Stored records
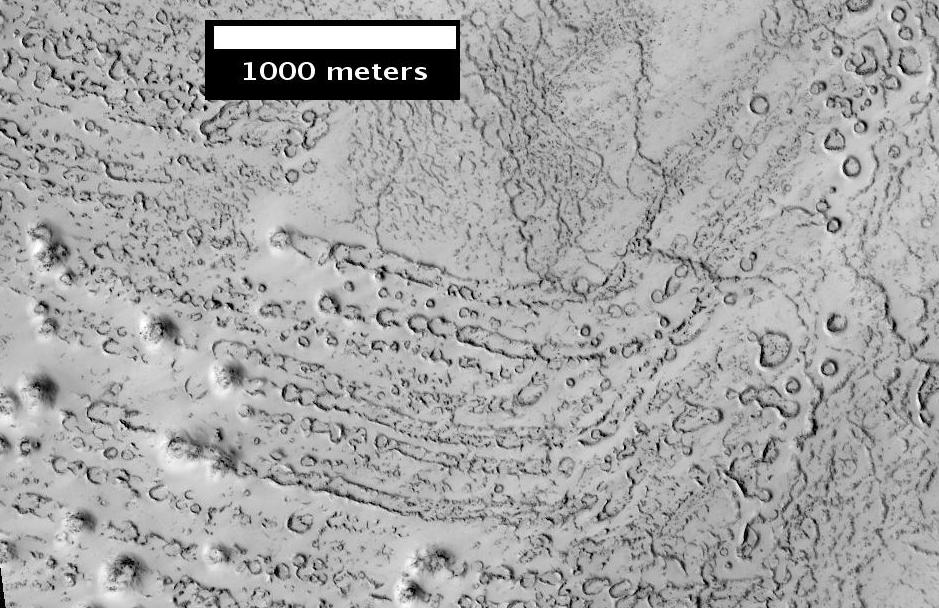 Rootless cones in the Phlegra Dorsa region of Mars, formed by lava interacting with ice, as seen by HiRISE. Location is 25.988 N and 173.729 E. Acquisition date: 04 January 2008 Local Mars time: 2:24 PM Latitude (centered): 25.910 degrees Longitude (East): 173.760 degrees Range to target site: 292.6 km (182.9 miles) Original image scale range: 29.3 cm/pixel (with 1 x 1 binning) so objects ~88 cm across are resolved Map projected scale: 25 cm/pixel and North is up Map projection: EQUIRECTANGULAR Emission angle: 6.2 degrees Phase angle: 46.1 degrees Solar incidence angle: 40 degrees, with the Sun about 50 degrees above the horizon Solar longitude: 12.5 degrees, Northern Spring For non-map projected products: North azimuth: 97 degrees Sub-solar azimuth: 340.7 degrees For map-projected products North azimuth: 270 degrees Sub solar azimuth: 155.5 degrees
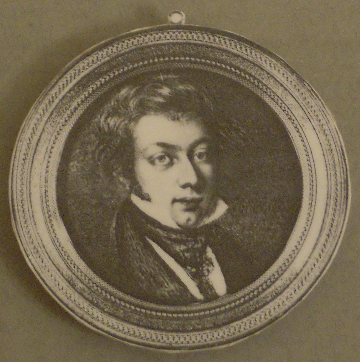 Frederick William Dickens (August 1820 – October 20, 1868)
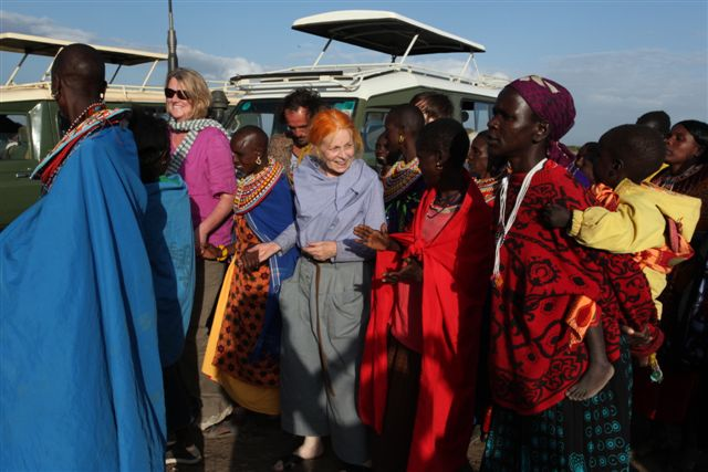 With Vivienne Westwood and EFI in rural Kenya
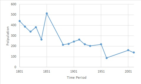 Population of Shipmeadow based on Census data
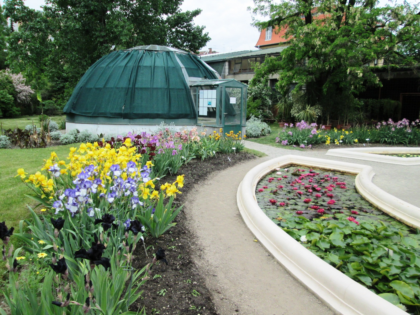 Botanical Garden Zagreb
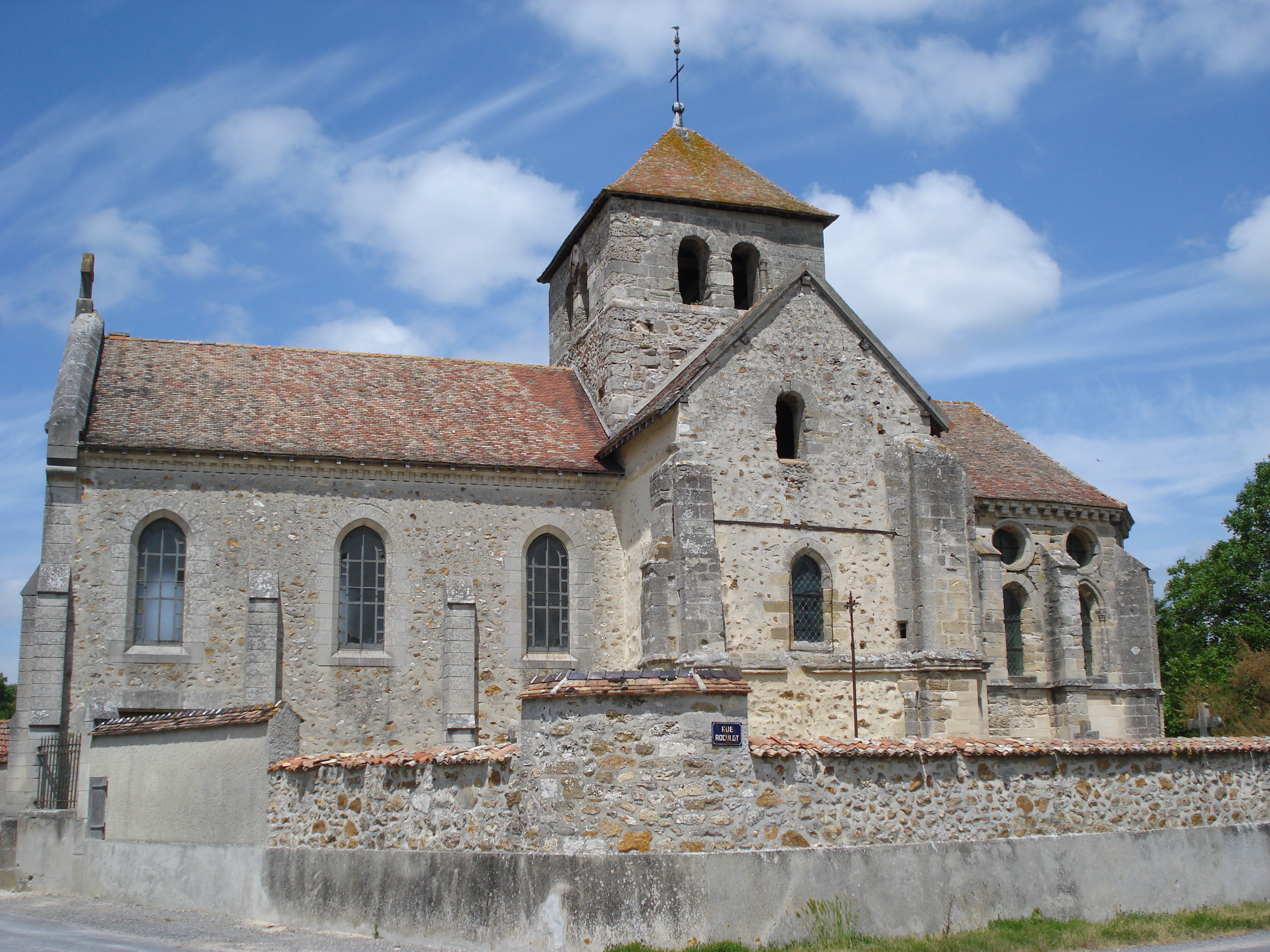 Church of Courmelois (Val-de-Vesle) Marne, Fr
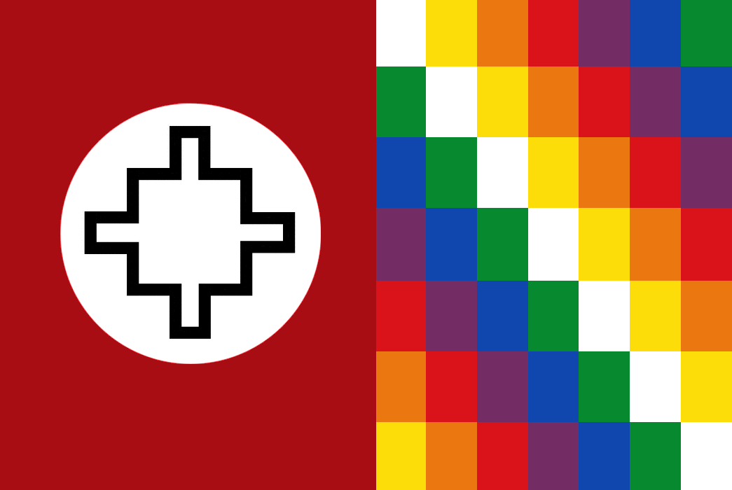 Flag of the ethnocacerist movement
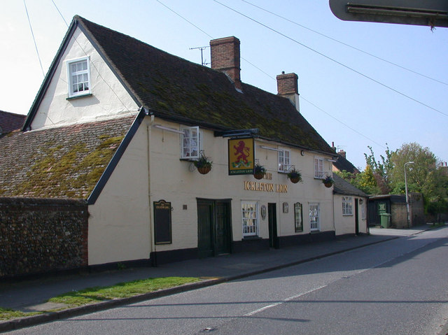 The Ickleton Lion Public house, Ickleton, Cambridgeshire. Built about 1700, altered in the 18th & 19th centuries. Timber-framed and plastered panels with some original patternwork. Plain tiled roof with ridge stack to right of centre and gable end stack to right hand. Grade II listed.
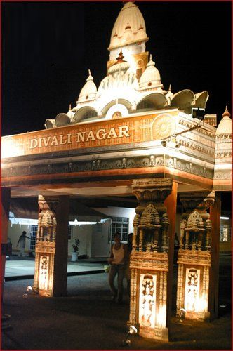 PIC TAKEN AT 2006 DIVALI NAGAR IN TRINIDAD.
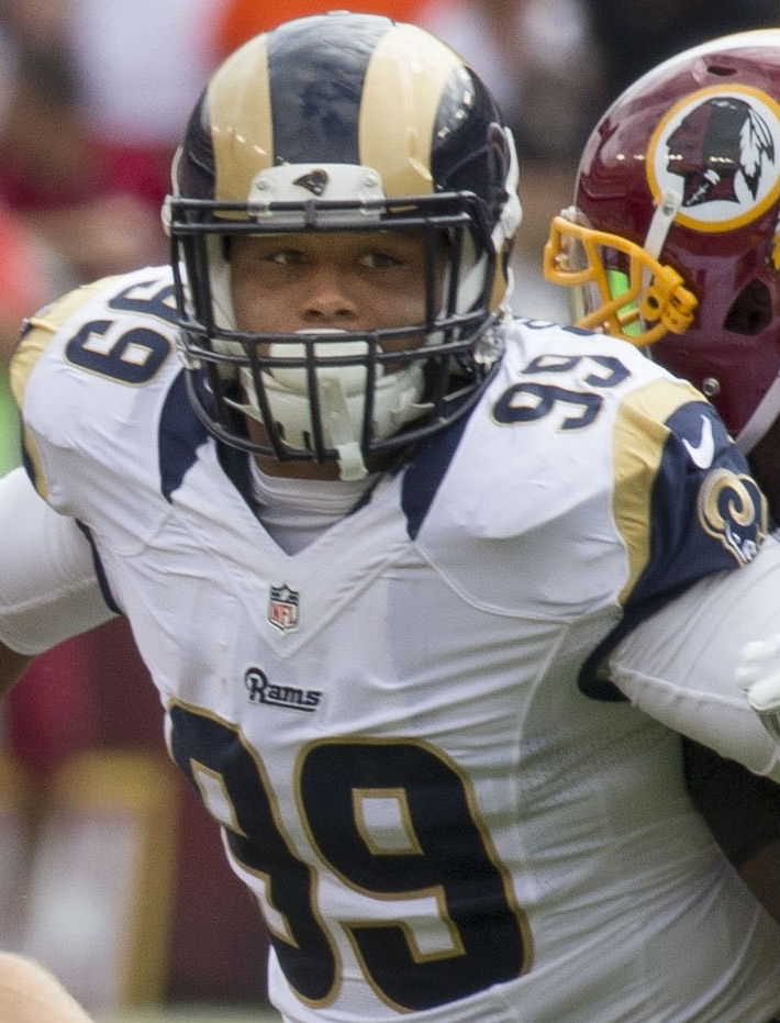 Aaron Donald, a player on the National Football League.

_YOUR ASSIGNMENT_.
An exact restatement of the lines from the one holding "Church of Courmelois" through the end of the entries, both ends included, is the whole answer. Pictures stay out.

_SOLVED EXERCISE_.
 Church of Courmelois (Val-de-Vesle) Marne, Fr
 Flag of the ethnocacerist movement
 The Ickleton Lion Public house, Ickleton, Cambridgeshire. Built about 1700, altered in the 18th & 19th centuries. Timber-framed and plastered panels with some original patternwork. Plain tiled roof with ridge stack to right of centre and gable end stack to right hand. Grade II listed.
 PIC TAKEN AT 2006 DIVALI NAGAR IN TRINIDAD.
 Aaron Donald, a player on the National Football League.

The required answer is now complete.